Palestina. 8 maggio. L’assedio di Gaza è un crimine contro l’umanità. La perentoria affermazione è dell’ex presidente USA Jimmy Carter in un articolo pubblicato per il britannico The Guardian. «Il mondo sta assistendo a un terribile crimine contro i diritti umani a Gaza, dove un milione e mezzo di esseri umani vengono tenuti prigionieri senza quasi nessun accesso al mondo esterno. È un’intera popolazione a essere brutalmente punita». Carter ricorda a tutti che «questo macroscopico maltrattamento dei palestinesi di Gaza è stato drammaticamente intensificato da Israele, con l’aiuto degli Stati Uniti, dopo che i rappresentanti politici di Hamas avevano conquistato, nel 2006, la maggioranza dei seggi nel parlamento dell’Autorità Palestinese. Quelle elezioni vennero unanimemente giudicate eque e oneste da tutti gli osservatori internazionali». Il risultato elettorale non è stato però accettato da Washington e Tel Aviv, che hanno da allora agito per sabotare la formazione di un governo di unità nazionale tra Hamas e Fatah. «Ora, dopo una lotta intestina, è solo Hamas che controlla Gaza. Quarantuno dei quarantatre candidati vittoriosi di Hamas che vivevano in Cisgiordania sono stati imprigionati da Israele, più altri dieci che avevano assunto incarichi nel governo di coalizione dalla breve vita».


All’interno della Striscia di Gaza Carter constata che «le sanzioni economiche e le restrizioni sul rifornimento di acqua, cibo, elettricità e carburante stanno provocando sofferenze estreme tra la popolazione innocente di Gaza, di cui un milione circa è costituita da profughi. Le bombe e i missili israeliani colpiscono la zona regolarmente, provocando un alto numero di vittime sia tra i militanti che tra le donne e i bambini innocenti.
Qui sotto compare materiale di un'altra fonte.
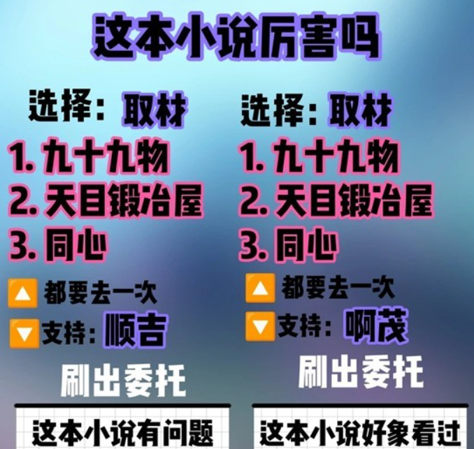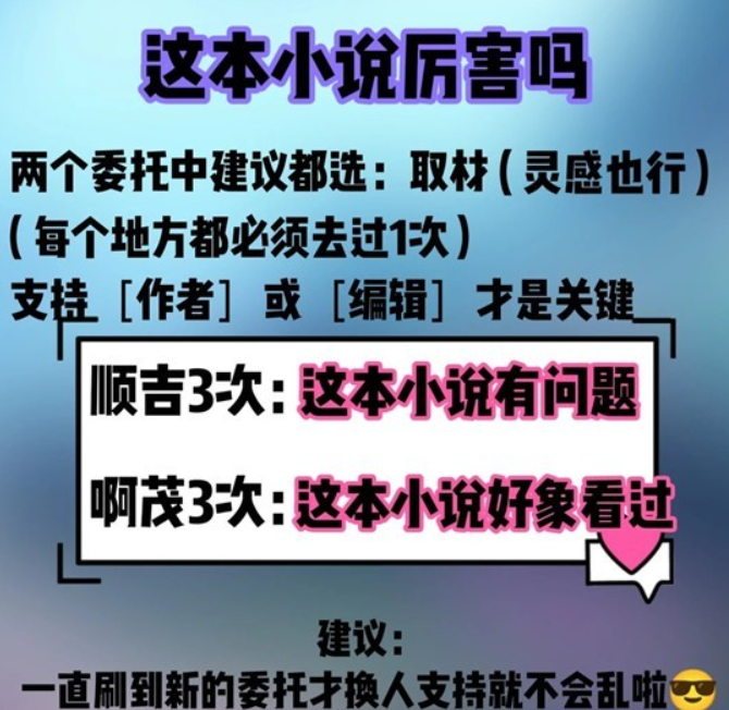 个人建议: 选择顺吉直到接到委托【这本小说有问题】,完成后续任务后,下一次再选择阿茂,就能接到【这本小说好像看过】

Prima dell’uccisione, di cui si è molto parlato, di una donna e dei suoi quattro bambini la scorsa settimana, questa situazione era stata illustrata da un rapporto di B’Tselem, la principale organizzazione israeliana per i diritti umani, secondo la quale sono stati uccisi 106 palestinesi tra il 27 febbraio e il 3 marzo. Cinquantaquattro di essi erano civili, e 25 avevano meno di 18 anni». L’ex presidente USA scrive pure del suo recente viaggio in Medio Oriente, nel corso del quale si è incontrato con alcuni capi di Hamas, spronandoli a dichiarare un cessate-il-fuoco unilaterale. «Mi hanno risposto che in passato un tale passo da parte loro non è stato ricambiato, e mi hanno ricordato che Hamas aveva a suo tempo insistito per un cessate-il-fuoco in tutta la Palestina, incluse Gaza e Cisgiordania, proposta rifiutata da Israele. Dopodiché Hamas inoltrò una proposta pubblica di cessate-il-fuoco reciproco limitato alla sola Gaza, anch’essa respinta da Israele». In conclusione dell’articolo Carter ribadisce che è l’occupante Israele ad impedire qualsiasi soluzione di pace in Palestina. «Tutte le nazioni arabe hanno acconsentito a riconoscere Israele senza riserve se essa accetterà le risoluzioni-chiave delle Nazioni Unite. Hamas ha accettato ogni accordo di pace tra il presidente dell’Autorità Palestinese, Mahmoud Abbas, e il primo ministro israeliano Ehud Olmert, purché venga sottoposto all’approvazione di un referendum da parte del popolo palestinese. In questo c’è una promessa di progresso ma, nonostante la breve fanfara e le dichiarazioni ottimiste della conferenza di pace lo scorso novembre ad Annapolis, il processo di pace è regredito. Sono state annunciate 90.000 nuove unità abitative israeliane nei territori occupati; il numero dei blocchi stradali dentro la Cisgiordania è aumentato; e lo strangolamento di Gaza è stato rafforzato».
Quindi l’appello finale di Carter: «È tempo che le voci forti in Europa, negli Stati Uniti, in Israele e altrove parlino senza paura e condannino la tragedia umanitaria che ha colpito il popolo palestinese».